Citation: REPRODUCTION 142, 6; 10.1530/REP-11-0032

Discussion

A parthenogenetic approach was utilized to further test the heat-induced ‘aging’ hypothesis, as age dependence of activation protocols sufficient to support pronuclear formation, cleavage, and blastocyst development has been well documented (i.e. older MII oocytes activate more readily than younger MII oocytes; Susko-Parrish et al. 1994, Suzuki et al. 1999, Tian et al. 2002). Results clearly showed that consequences of heat stress exposure during the first 12 h of meiotic maturation differed depending on how and when bovine oocytes were activated.
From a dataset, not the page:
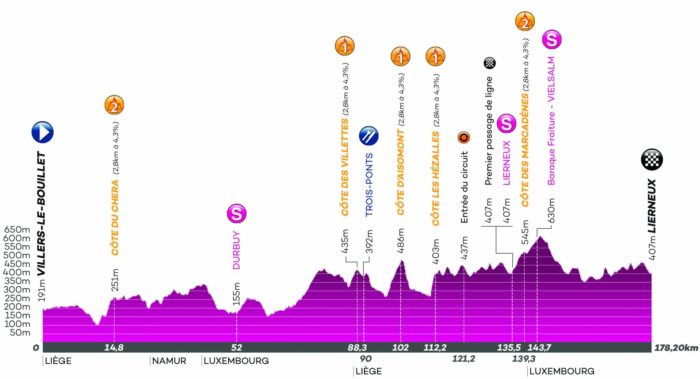 Le peloton s’offrira un voyage dans les Ardennes pour la troisième étape dans les hauteurs, avec notamment un passage sur le Signal de Botrange et devant le barrage de la Gileppe avant un circuit local encore une fois pour puncheurs, avec notamment la côte de la rue de la Papeterie (jusqu’à 12%) dont le sommet est situé à 2500 mètres de l’arrivée à Verviers. Pour la 4e étape, encore une fois, les organismes seront mis à rude épreuve avec une étape proposant quatre côte répertoriées et bien plus de collines qui feront plaisir aux spécialistes de l’offensive. La finale en descente vers Lierneux peut toutefois profiter aux équipes organisées.

For instance, if heat-stressed oocytes underwent IVF at ∼24 hIVM, blastocyst development was less than respective control which is in agreement with numerous other studies (Edwards & Hansen 1996, Lawrence et al. 2004, Roth & Hansen 2004a, 2004b, Edwards et al. 2005, de Castro e Paula & Hansen 2007, Schrock et al. 2007, Sugiyama et al. 2007, Soto & Smith 2008, Zhandi et al. 2009). Furthermore, blastocyst development obtained after heat-stressed oocytes underwent IVF at 24 hIVM was similar to that obtained for nonheat-stressed oocytes undergoing IVF at 30 hIVM (i.e. slightly aged). In contrast, when heat-stressed oocytes underwent chemical activation at 24 hIVM, blastocyst development was not only higher than respective controls but also equivalent to development obtained after activation at 30 hIVM of slightly aged nonheat-stressed oocytes. Collectively, these findings along with previous results (Kim et al. 2002, Edwards et al. 2005, Schrock et al. 2007) provide compelling evidence for a major effect of heat stress exposure during the first part of meiotic maturation to hasten developmentally important processes.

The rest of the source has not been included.